Thursday, 12 May 2011

Why being frugal isn't the same as being tight

The trouble with being frugal (and Mrs MDS has been on this slope for over 5 years) is that some benefits are immediate, others more a hill to climb and a couple mountains to conquer.

Let's get the current pitfalls of frugality aired so the word is not associated with austerity or austerity measures, aka the UK current government who are hell bent on confusing personal frugality with ideological measures. To be clear, looking after your household/personal budget is not the same as a complex economic framework. Mr Osbourne might be found of referring to governance of the Treasury as if he were figuratively holding purse strings and all that is required to show some economic might is some tightening of a belt but the reality is an economy is not a pile of cost centres but a machine with cogs that interact, stagnate and fall apart depending on how they are greased. Application of measures designed to inflate, stagnate or stem an economy is not undertaken by one simple act - unlike our own budgets.

We are the masters of our own budgets and can fiddle with the purse strings as much as we like. We can increase or decrease the funding of a certain area of our personal finances without it causing a global economic crisis. We can if we try inject more credit into them too by working more or selling stuff. Lottery wins are always a hope.

an evening at MDS mansions!

21st century frugality is a mix of common sense, reality and a lifestyle choice. If you are poor then frugality is a means of survival. Poverty is a trap for many based on their social standing i.e. lack of education, opportunity and resource. Poverty of mind and soul has as much a bearing on ones social capabilities and coping mechanisms as lack of money. Often all contribute to a vicious circle.

Being frugal has become more a lifestyle choice due to lessons drawn from mass consumerism, a trend that grew in the 1980s and accelerated until the banking crisis in 2008 - bit of general sweep but this is a blog post! Mass consumerism has had a two fold impact, one being an increase in personal debt and the other being an increase in stuff.

Frugality is what Gordon Brown spent a lot of time talking about over many years - being prudent. No one really listened to Mr Brown's view on prudence. He did of course equally spend many years increasing the support to poor households and made it his personal mission to end child poverty. Typically, frugality for Puritans and Quakers meant ensuring you were careful with your money so that you could save it and allocate the savings for more charitable purposes. Mr Brown with his Calvinist background was particularly prudent so he could be charitable. He was fairly hopeless in terms of being 'liked or likeable' but in reality much of his ethos shaped our best times.

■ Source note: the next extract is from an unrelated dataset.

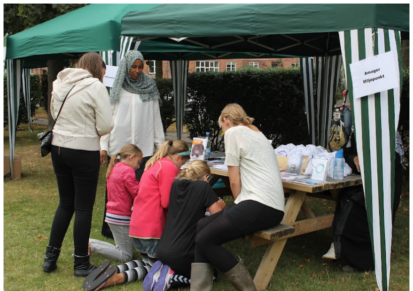
Miljøambassadørerne er ude og fortælle om affald.

Indsatsen i Sundholmskvarteret skal i særlig grad ses i relation til, at mange miljøambassadørerne bor i Sundholmskvarteret, og at det var herfra de første Miljøambassadørerkurser blev arrangeret tilbage i 2006. Se mere om aktivitetdagen under afsnittet om "Affaldssortering".

Of course for Mrs MDS as others, being frugal is a by product of personal circumstances, notably being rubbish with money for so many years it has caught up with one and not really saving for a rainy day. Truth be told rainy days sounded so terrible dull. Now rainy days look like sunshine compared to inflation, petrol prices and increased costs to everything. Now the fashion is to be frugal. None of us want debts, most of us wish not to have a credit card and a savings account is preferable to an 'it bag'. Spending seems like showing off. Now of course it is all about, sewing, vintage, allotments and home made things.

I have found my outgoings are much less than they used to be (the ones I can control) and I make every endeavour to keep the battle against waste going. Paying back debts is a mind field and there is conflicting advice but being debt free is probably a nice personal goal. I've not tried to be clever and avoid a lot of the Martin Lewis, money expert type advice and stick to the more palatable and nicer Alvin Hall.

Frugal, prudent, making do - it is all the same. Think before you spend, have a budget, think of others less fortunate and in need plus review your spending and budgets but don't forget to enjoy life! You can do lots for free, think libraries for books and museums and taking walks in town or country. Do things on a budget, throw dinner for friends with down to earth meals such as chilli con carne and find inspiration from others. You are not being tight with your money - it's frugal.

Do share your money saving tips...


  1. I have not been shopping for sooooo long it is killing me. Is saving for a rainy day an option at the moment with the interest rates so pants? The constant gloom and doom talk is weighing us all down. I turn the telly off when start going on about it. Xxxx

  2. Fashionistable - true savings rates are hopeless but according to Alvin's financial wisdom, you should have 3 months worth of salary in your current account as a safety net!! The gloom is Tory talk, they just want to finish off what Thatcher started.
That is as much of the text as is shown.